In 1972, Douglas W. Thompson, a radioman, and Russell S. Doughten Jr., a filmmaker who cut his teeth on the 1958 classic The Blob, formed Mark IV Pictures and produced A Thief in the Night, the first entry in what would become the homonymous quadrilogy. Thompson directed the film for $68,000, and it went on to gross over $4 million. The film begins, like the Left Behind series, in the middle of a mysterious global event where huge numbers of people have simply disappeared. A young woman, Patty Meyers, searches for her husband, Jeff, who, in the wake of a dramatic snake bite, has recently devoted himself to Jesus. Patty, a more casual Christian — a key distinction in the series and in evangelical eschatology — is forced to survive under an increasingly fascistic one-world-government, U.N.I.T.E., led by the messianic Brother Christopher (the Antichrist). Her harrowing experiences are revealed to be a dream, before a final twist confirms that they’re about to occur in reality. A Distant Thunder (1978), continues Patty’s story, with the protagonist imprisoned and awaiting execution by U.N.I.T.E.. One of her fellow prisoners implores her to share her experiences, and a flashback shows Patty desperately struggling to survive in the barren countryside without accepting the mark of the beast.
In a surprising pivot, Image of the Beast (1981) turns its attention to David Michaels (played with excessive gravitas by William Wellman Jr., son of the famed director), a devout Christian and gifted computer programmer. Michaels attempts to create a counterfeit mark in order to circumvent U.N.I.T.E.’s brutal regime. Approaching the film’s climax, the programmer, traveling with a woman named Kathy and her son, takes refuge in a Night of the Living Dead-esque farmhouse. There, Michaels encounters the Reverend Matthew Turner (Russell S. Doughten Jr.), who, using copious charts and graphs, explains the biblical horrors that the upcoming Tribulation will bring. Michael and Kathy eventually create the counterfeit mark with the help of a pamphlet Kathy purchased at a grocery store years earlier entitled “Computer Prophecies.”

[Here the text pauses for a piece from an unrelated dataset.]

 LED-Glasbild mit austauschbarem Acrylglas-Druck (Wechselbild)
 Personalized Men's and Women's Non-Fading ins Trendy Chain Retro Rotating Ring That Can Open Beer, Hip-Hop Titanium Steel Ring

Prodigal Planet begins exactly where Image leaves off, showing a captured Michaels facing the guillotine. He escapes after a nuclear explosion, and the film chronicles his travels through a post-apocalyptic wasteland filled with mutants and soldiers of the Antichrist. Michaels’ goal is to hack the mainframe of U.N.I.T.E.’s computer in order to stay out of the government’s hands as Jesus’s return draws near.

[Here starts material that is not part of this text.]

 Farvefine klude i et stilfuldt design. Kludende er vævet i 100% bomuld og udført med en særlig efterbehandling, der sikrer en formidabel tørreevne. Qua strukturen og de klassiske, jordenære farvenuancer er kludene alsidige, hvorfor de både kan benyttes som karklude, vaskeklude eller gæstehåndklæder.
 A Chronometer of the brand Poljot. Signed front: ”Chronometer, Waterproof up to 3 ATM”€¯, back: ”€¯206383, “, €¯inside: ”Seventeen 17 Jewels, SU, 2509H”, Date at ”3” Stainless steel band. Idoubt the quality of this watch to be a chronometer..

While the first two Thief films feel like a mixture of 70s exploitation and educational fare, Prodigal Planet, with its barren landscapes and episodic, survival horror structure, is closer to Dawn of the Dead and Night of the Comet. The series is rare in its tonal and material scope, moving from the quaint ineptitude of regional low-budget filmmaking to plausible, dystopian genre film in the vein of The Omega Man.

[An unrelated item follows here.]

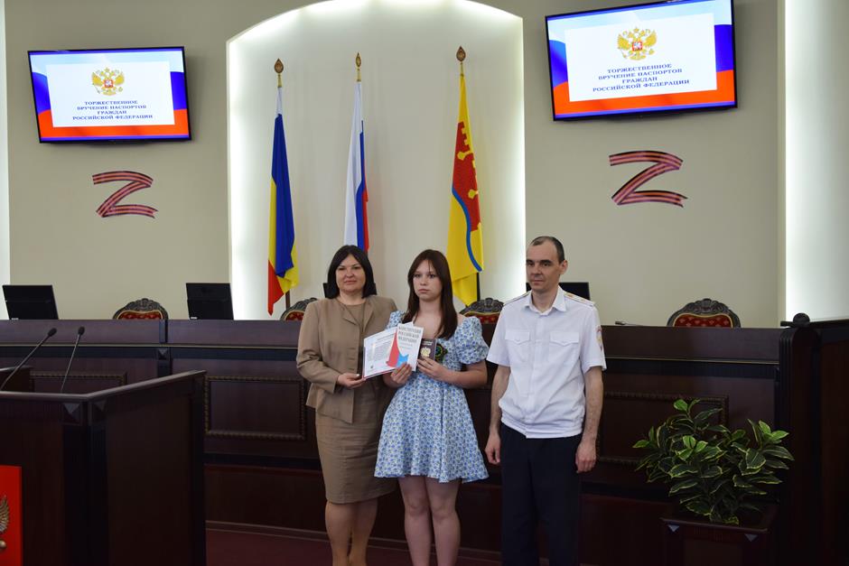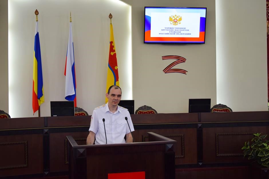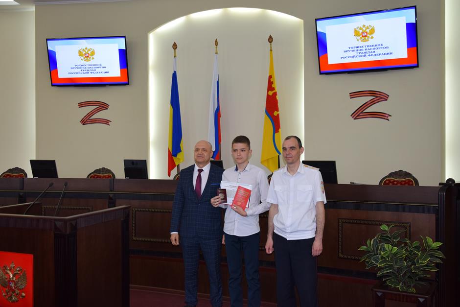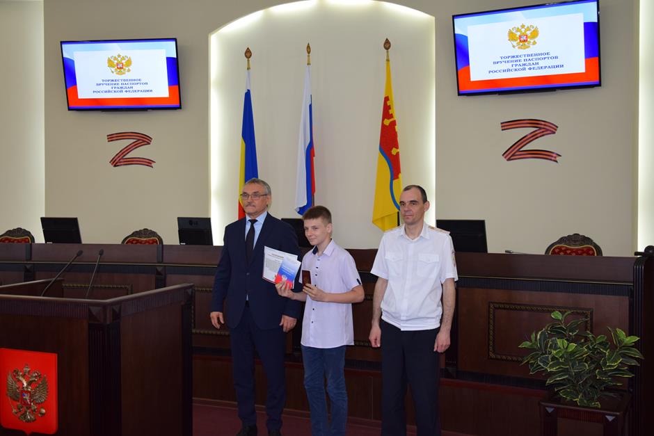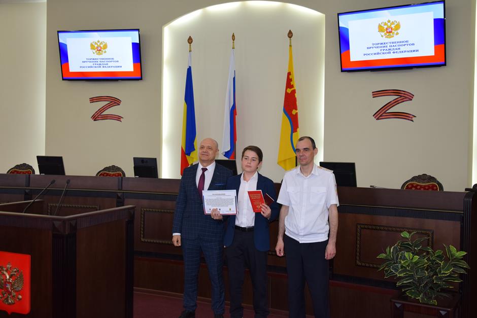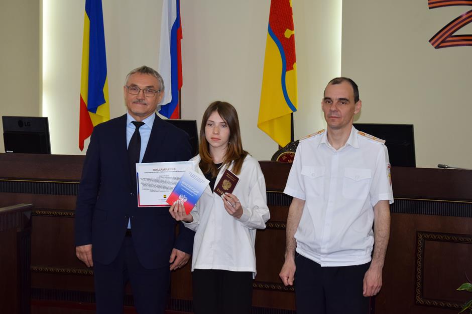 В Шахтах состоялась торжественное вручение паспортов Российской Федерации 14-летним горожанам. С поздравлением к ним обратился исполняющий обязанности начальника отдела по вопросам миграции Управления МВД России по городу Шахты Сергей Бахарев. 16 юных граждан получили свой главный официальный документ. В церемонии приняли участие депутат Государственной Думы Федерального собрания РФ 8 созыва Екатерина Стенякина, председатель комитета Законодательного Собрания Ростовской области по взаимодействию с общественными объединениями, молодежной политике, физической культуре, спорту и туризму Ирина Жукова, исполняющий обязанности председателя городской Думы – главы города Шахты Константин Корнеев, глава Администрации города Андрей Горцевской.

As silly as these films tend to be, there are moments that are surprisingly effective. Memorably, in A Thief in the Night, a Shaggs-esque band performs “I Wish We’d All Been Ready,” a song written by Christian rock megastar Larry Norman. Lamenting the tragedy of being caught unprepared when the Rapture comes, they sing: “There's no time to change your mind / How could you have been so blind / The father spoke, the demons dined / The son has come and you've been left behind.” Though laughable, the sincerity of the lyrics and the earnestness of the performance create a chilling effect.